COLLECTED MATERIAL: Begin

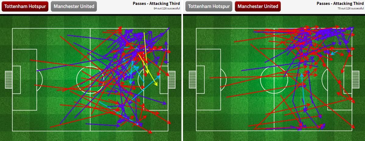 Gambar 3 Perbandingan grafik operan ke sepertiga wilayah penyerangan dari Tottenham Hotspur (kiri) dan Manchester United (kanan) - sumber: FourFourTwo Stats Zone
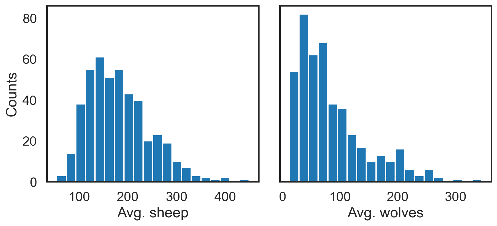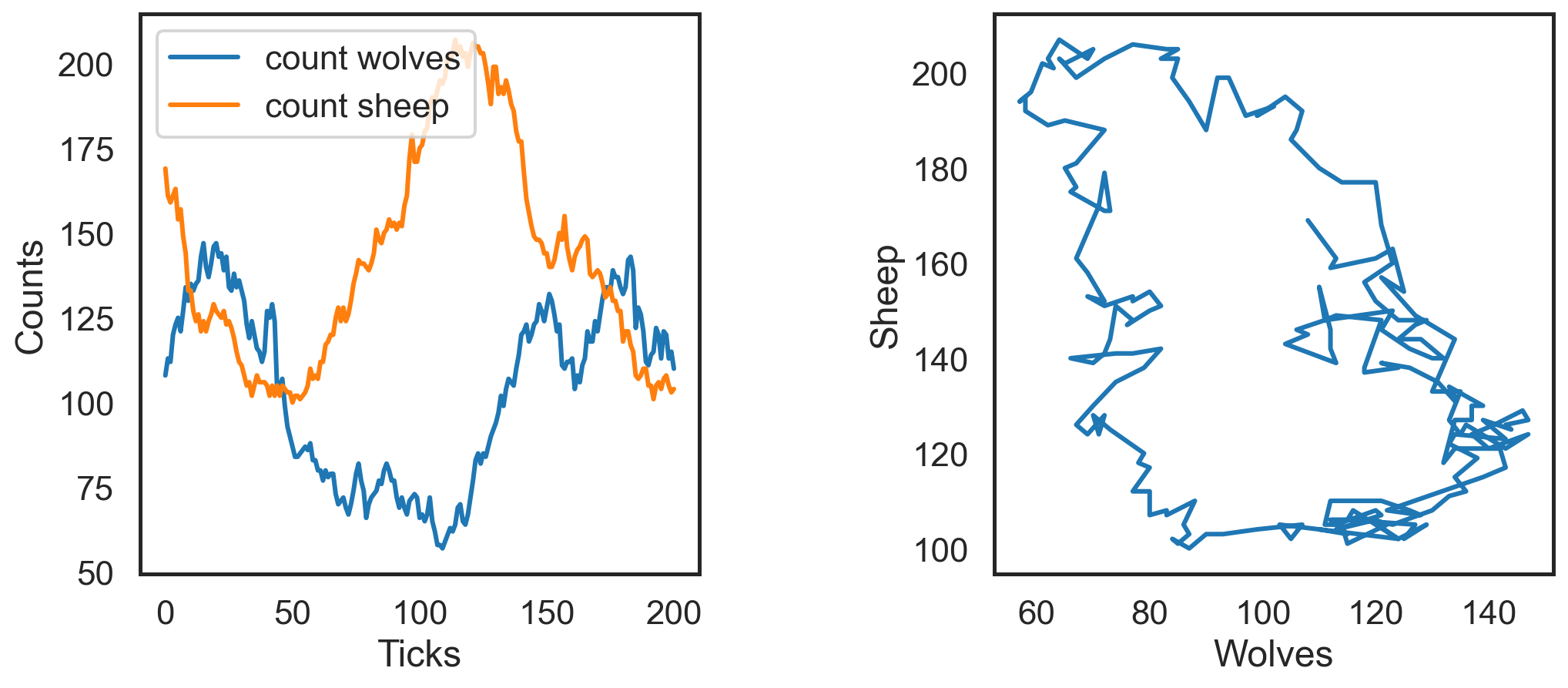 = netlogo.repeat_report(["count wolves", "count sheep"], 200, go="go") counts
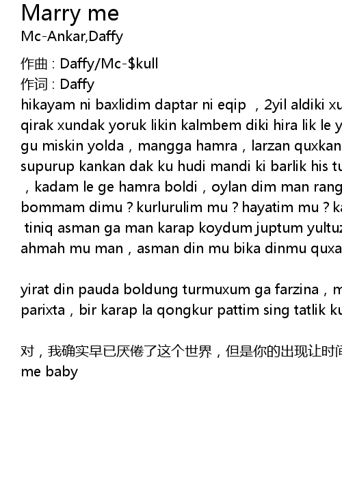 duì, wǒ què shí zǎo yǐ yàn juàn le zhè gè shì jiè, dàn shì nǐ de chū xiàn ràng shí jiān lǐ chōng mǎn le farzina, jiù zhè yàng jiē zhe xiě, wǒ mǎn nǎo huí xiǎng zhe yí gè shēng yīn wèi nǐ dài shang jié hūn zuàn jiè, 3 nián de shí jiān yě xǔ bìng bù tài zhǎng, nǐ wǒ zài yì qǐ de xǐ nù āi yuè tián mì yě yǒu gǎn shāng, wǒ yǒu shí ràng nǐ liú lèi, nǐ yǒu shí ràng wǒ gǎn dào fēng kuáng, dàn shì fēn bù kāi de rú jiāo sì qī zhǐ yǒu nǐ wǒ fēn xiǎng, wǒ pí qì bào wǒ zhī dào, wǒ bù gòu hǎo wǒ zhī dào, ér nǐ zǒng shì miàn dài wēi xiào duì wǒ bù lí bù qì wǒ yě zhī dào, zhǐ yǒu nǐ de pí qì cái néng ràng wǒ shén hún diān dǎo, jīng huāng shī cuò de bù zhī rú hé shì hǎo, qiān yán wàn yǔ dōu yǐ jīng wèi nǐ biàn de wú lì, bù guǎn shàng tiān rú hé kǎo yàn wǒ bǎ tā gū lì, xiē sī dǐ lǐ dōu huì dàn qù, zhǐ shèng xià ài nǐ, jiù zài jīn wǎn cǐ shí cǐ kè marry me baby
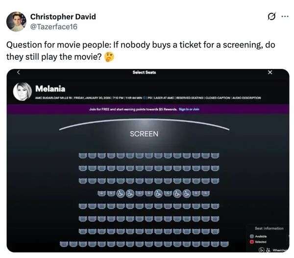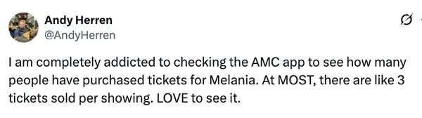 我已经彻底上头了,天天刷AMC的App,就想看看《梅拉尼娅》到底卖了几张票。结果每一场最多也就卖了三张。说真的太爱看这种场面了。

COLLECTED MATERIAL: End

REQUIRED ACTION: An exact reproduction of the material above is needed, without its pictures.

WORKED SOLUTION:
 Gambar 3 Perbandingan grafik operan ke sepertiga wilayah penyerangan dari Tottenham Hotspur (kiri) dan Manchester United (kanan) - sumber: FourFourTwo Stats Zone
 = netlogo.repeat_report(["count wolves", "count sheep"], 200, go="go") counts
 duì, wǒ què shí zǎo yǐ yàn juàn le zhè gè shì jiè, dàn shì nǐ de chū xiàn ràng shí jiān lǐ chōng mǎn le farzina, jiù zhè yàng jiē zhe xiě, wǒ mǎn nǎo huí xiǎng zhe yí gè shēng yīn wèi nǐ dài shang jié hūn zuàn jiè, 3 nián de shí jiān yě xǔ bìng bù tài zhǎng, nǐ wǒ zài yì qǐ de xǐ nù āi yuè tián mì yě yǒu gǎn shāng, wǒ yǒu shí ràng nǐ liú lèi, nǐ yǒu shí ràng wǒ gǎn dào fēng kuáng, dàn shì fēn bù kāi de rú jiāo sì qī zhǐ yǒu nǐ wǒ fēn xiǎng, wǒ pí qì bào wǒ zhī dào, wǒ bù gòu hǎo wǒ zhī dào, ér nǐ zǒng shì miàn dài wēi xiào duì wǒ bù lí bù qì wǒ yě zhī dào, zhǐ yǒu nǐ de pí qì cái néng ràng wǒ shén hún diān dǎo, jīng huāng shī cuò de bù zhī rú hé shì hǎo, qiān yán wàn yǔ dōu yǐ jīng wèi nǐ biàn de wú lì, bù guǎn shàng tiān rú hé kǎo yàn wǒ bǎ tā gū lì, xiē sī dǐ lǐ dōu huì dàn qù, zhǐ shèng xià ài nǐ, jiù zài jīn wǎn cǐ shí cǐ kè marry me baby
 我已经彻底上头了,天天刷AMC的App,就想看看《梅拉尼娅》到底卖了几张票。结果每一场最多也就卖了三张。说真的太爱看这种场面了。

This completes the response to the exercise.